## Problem
In the copy you make, include no pictures, and transcribe every record exactly.

## Raw data
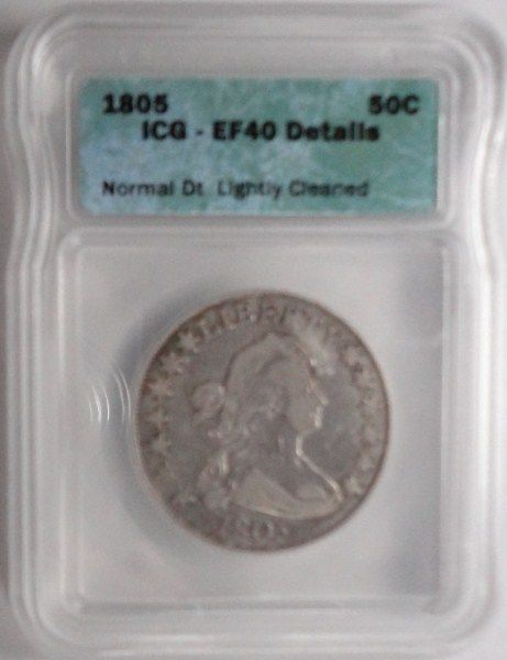 ICG 1805 Half $, EF40 Details, lightly cleaned quite nice for grade!!
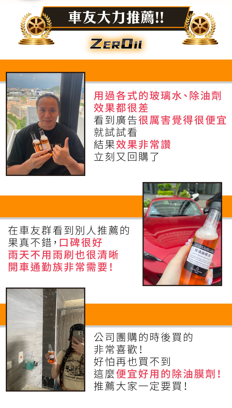 4分鐘前ZEROil零油膜玻璃淨視線不清晰行車不安全一罐輕鬆去油膜 - 【團購組】買6送6 / 贈清潔用品*3
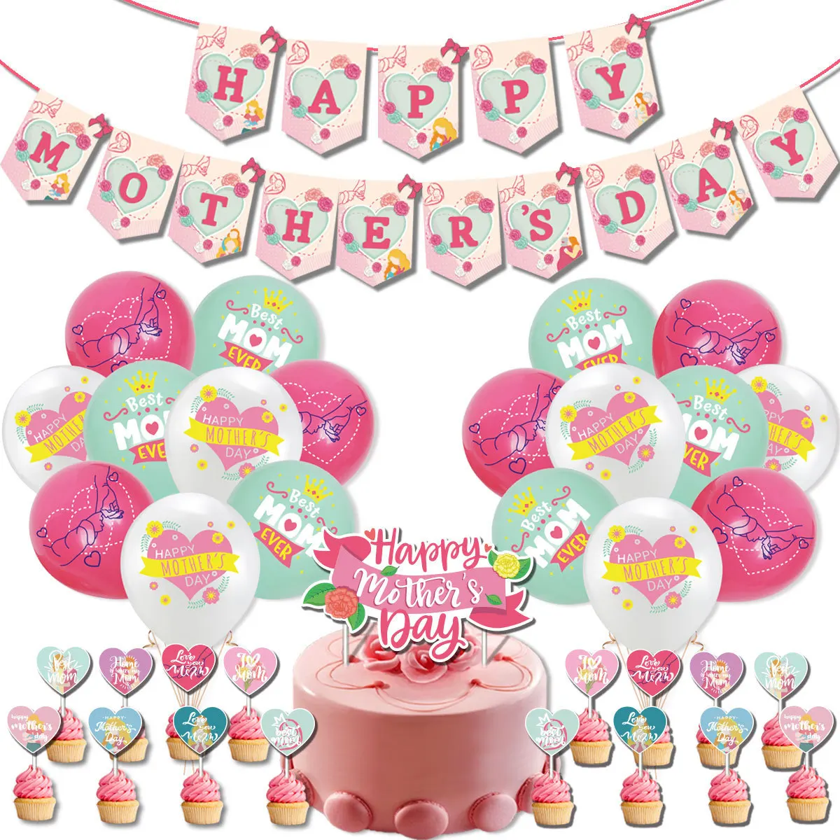Decorate Mother's Day Flag cake balloon set for happy mothers day party decorations
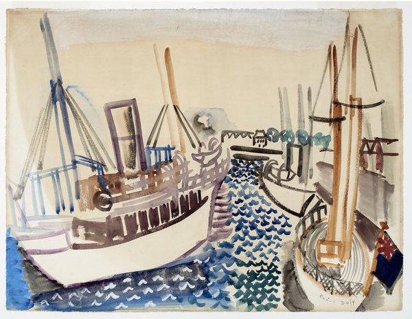 Fluid watercolor technique mirrors the gentle movement of boats at anchor, demonstrating how the medium's transparency perfectly suited Dufy's light-filled aesthetic vision.
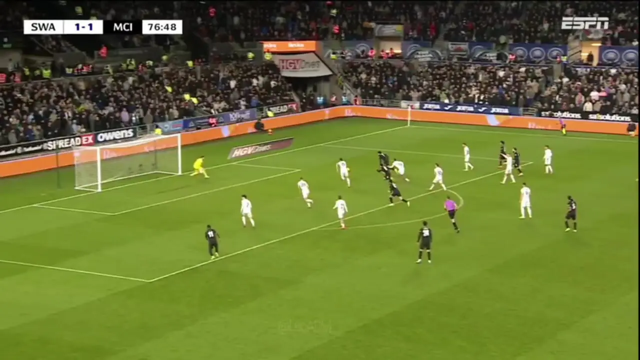 گل دوم منچسترسیتی به سوانسی توسط عمر مرموش زده شد.
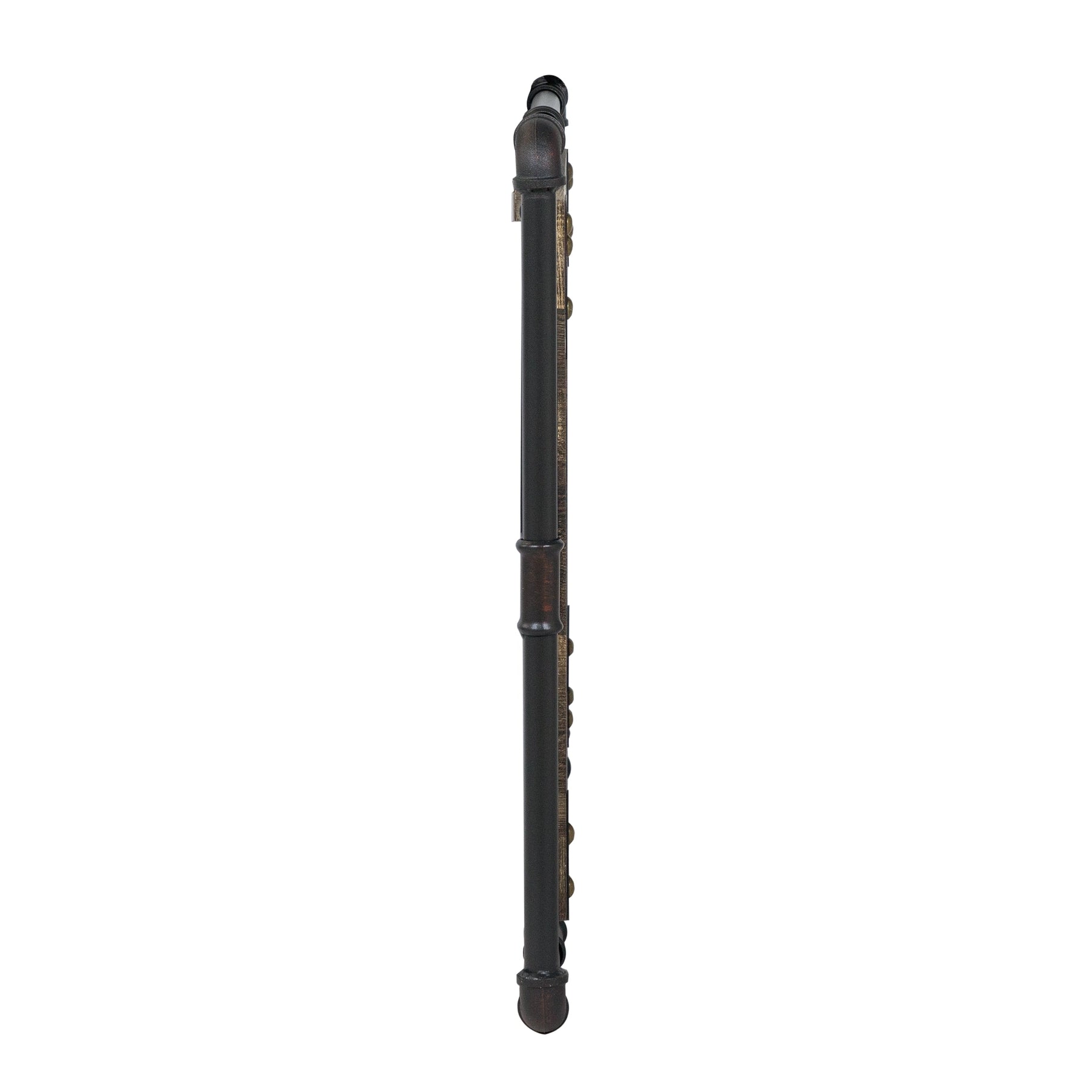 Pairing cool industrial style with modern technology, this lighted wall mirror is a striking choice for a vanity or bedroom. It features a steel pipework outer frame in a dimensional sand black finish. Golden copper finish oversized nail heads punctuate the four corners of the mirror. The interior frame boasts a wood grain finish to surround the modern lighted mirror at its center, perfect for daily grooming.
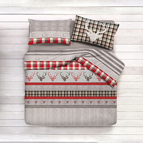 Biancheria Store Copripiumino in 100% Cotone, per Letto Matrimoniale 2 Piazze, Disegno Cervo Cervi Tirolese
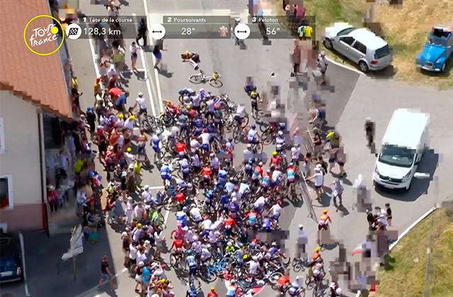 Y la más lamentable y evitable de toda la colección de caídas, la de hoy en el kilómetro 40 de esta decimoquinta etapa.
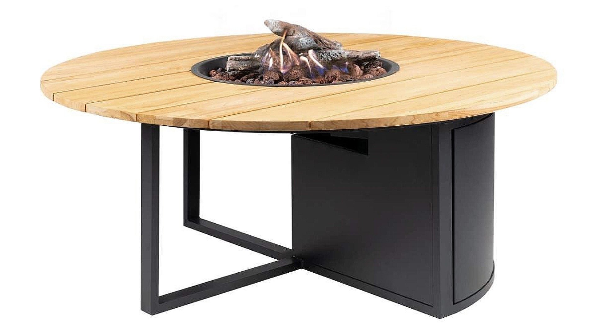 Looking for a round fire table to gather around with friends and family? Then the Cosiloft 120 round is the fire table for you! The Cosiloft 120 round is a new addition to the Cosiloft fire table series. The Cosiloft features a beautiful, open-worked aluminum frame with a teak tabletop. The frame is available in two colors: white for a modern look or black for an industrial style. Despite its attractive lounge-table height, the Cosiloft 120 round even fits a 5 kg gas bottle. This is beautifully integrated into the clean design of the Cosiloft table.
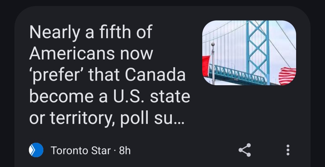 Canada turned mostly into North Korea via political propaganda pushed by CBC, CTV, etc, and it’s pathetic. Then they have to the nerve to antagonize the Americans. To pretend we’re better than the Americans when we’re just infantile toddlers, demonizing our very friend who feeds us. We rely on USA. Elbows up? No! A spank in the ass for a spoiled, bratty Canada. Fuck off.
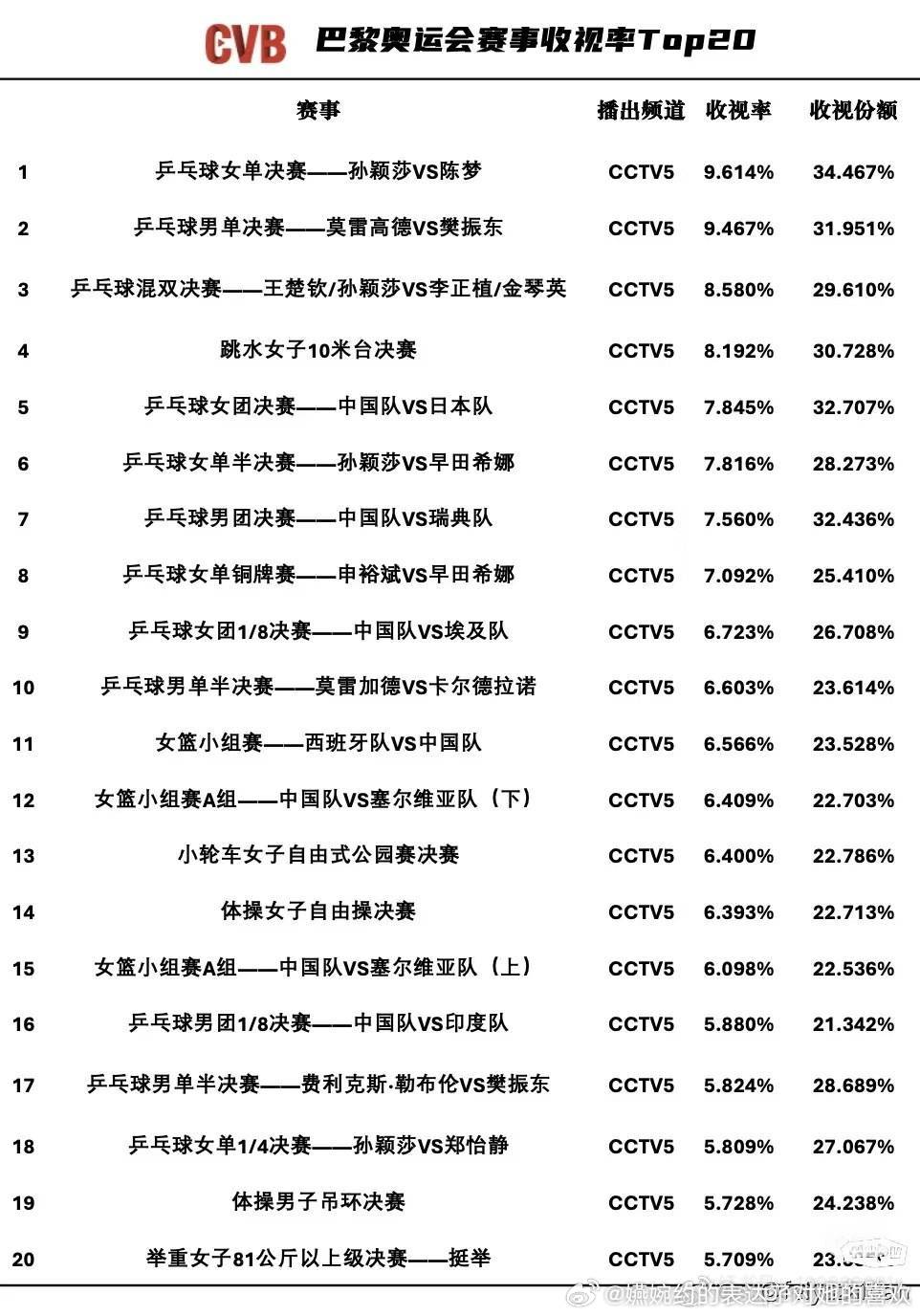我就看你们顶流梦被孙颖莎打破,男队粉丝为什么就不能承认收视率就是不如孙颖莎呢
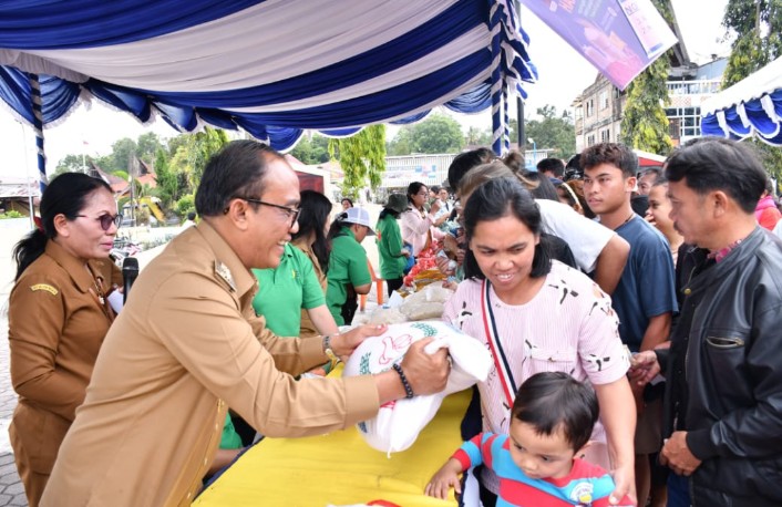 Sejak pagi, warga rela mengantre demi mendapatkan bahan pangan pokok seperti beras, minyak goreng, gula pasir, serta komoditas lainnya dengan harga lebih murah dibandingkan harga pasaran.
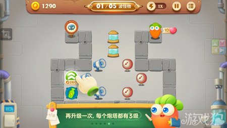 攻击小怪可以获取金币,当金币充足的时候就可以升级炮塔了。
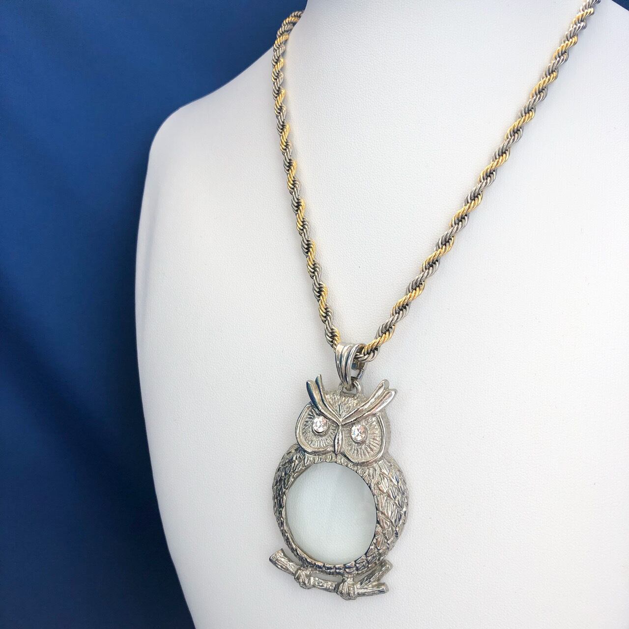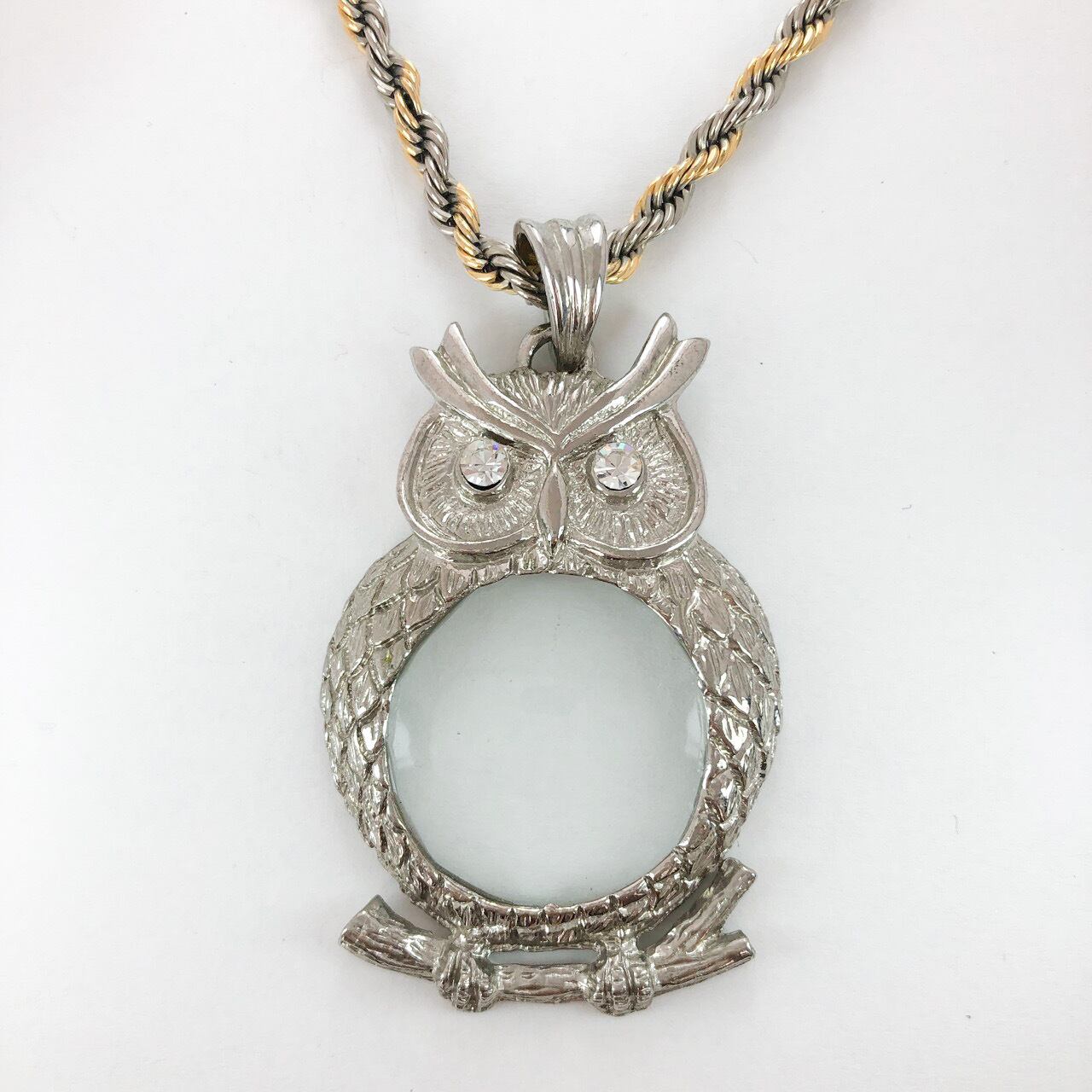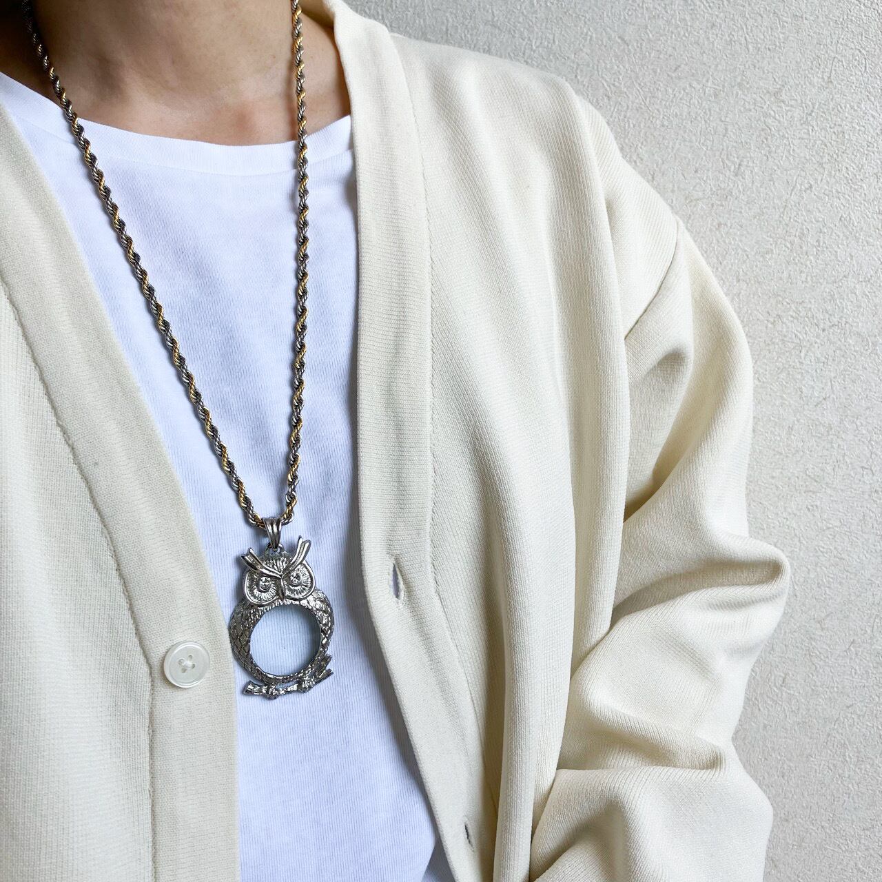 シルバーメタルにラインストーンの目を持つ大きなフクロウのデザインが、とても素敵なヴィンテージネックレスです。

## Result for this exercise
 ICG 1805 Half $, EF40 Details, lightly cleaned quite nice for grade!!
 4分鐘前ZEROil零油膜玻璃淨視線不清晰行車不安全一罐輕鬆去油膜 - 【團購組】買6送6 / 贈清潔用品*3
Decorate Mother's Day Flag cake balloon set for happy mothers day party decorations
 Fluid watercolor technique mirrors the gentle movement of boats at anchor, demonstrating how the medium's transparency perfectly suited Dufy's light-filled aesthetic vision.
 گل دوم منچسترسیتی به سوانسی توسط عمر مرموش زده شد.
 Pairing cool industrial style with modern technology, this lighted wall mirror is a striking choice for a vanity or bedroom. It features a steel pipework outer frame in a dimensional sand black finish. Golden copper finish oversized nail heads punctuate the four corners of the mirror. The interior frame boasts a wood grain finish to surround the modern lighted mirror at its center, perfect for daily grooming.
 Biancheria Store Copripiumino in 100% Cotone, per Letto Matrimoniale 2 Piazze, Disegno Cervo Cervi Tirolese
 Y la más lamentable y evitable de toda la colección de caídas, la de hoy en el kilómetro 40 de esta decimoquinta etapa.
 Looking for a round fire table to gather around with friends and family? Then the Cosiloft 120 round is the fire table for you! The Cosiloft 120 round is a new addition to the Cosiloft fire table series. The Cosiloft features a beautiful, open-worked aluminum frame with a teak tabletop. The frame is available in two colors: white for a modern look or black for an industrial style. Despite its attractive lounge-table height, the Cosiloft 120 round even fits a 5 kg gas bottle. This is beautifully integrated into the clean design of the Cosiloft table.
 Canada turned mostly into North Korea via political propaganda pushed by CBC, CTV, etc, and it’s pathetic. Then they have to the nerve to antagonize the Americans. To pretend we’re better than the Americans when we’re just infantile toddlers, demonizing our very friend who feeds us. We rely on USA. Elbows up? No! A spank in the ass for a spoiled, bratty Canada. Fuck off.
我就看你们顶流梦被孙颖莎打破,男队粉丝为什么就不能承认收视率就是不如孙颖莎呢
 Sejak pagi, warga rela mengantre demi mendapatkan bahan pangan pokok seperti beras, minyak goreng, gula pasir, serta komoditas lainnya dengan harga lebih murah dibandingkan harga pasaran.
 攻击小怪可以获取金币,当金币充足的时候就可以升级炮塔了。
 シルバーメタルにラインストーンの目を持つ大きなフクロウのデザインが、とても素敵なヴィンテージネックレスです。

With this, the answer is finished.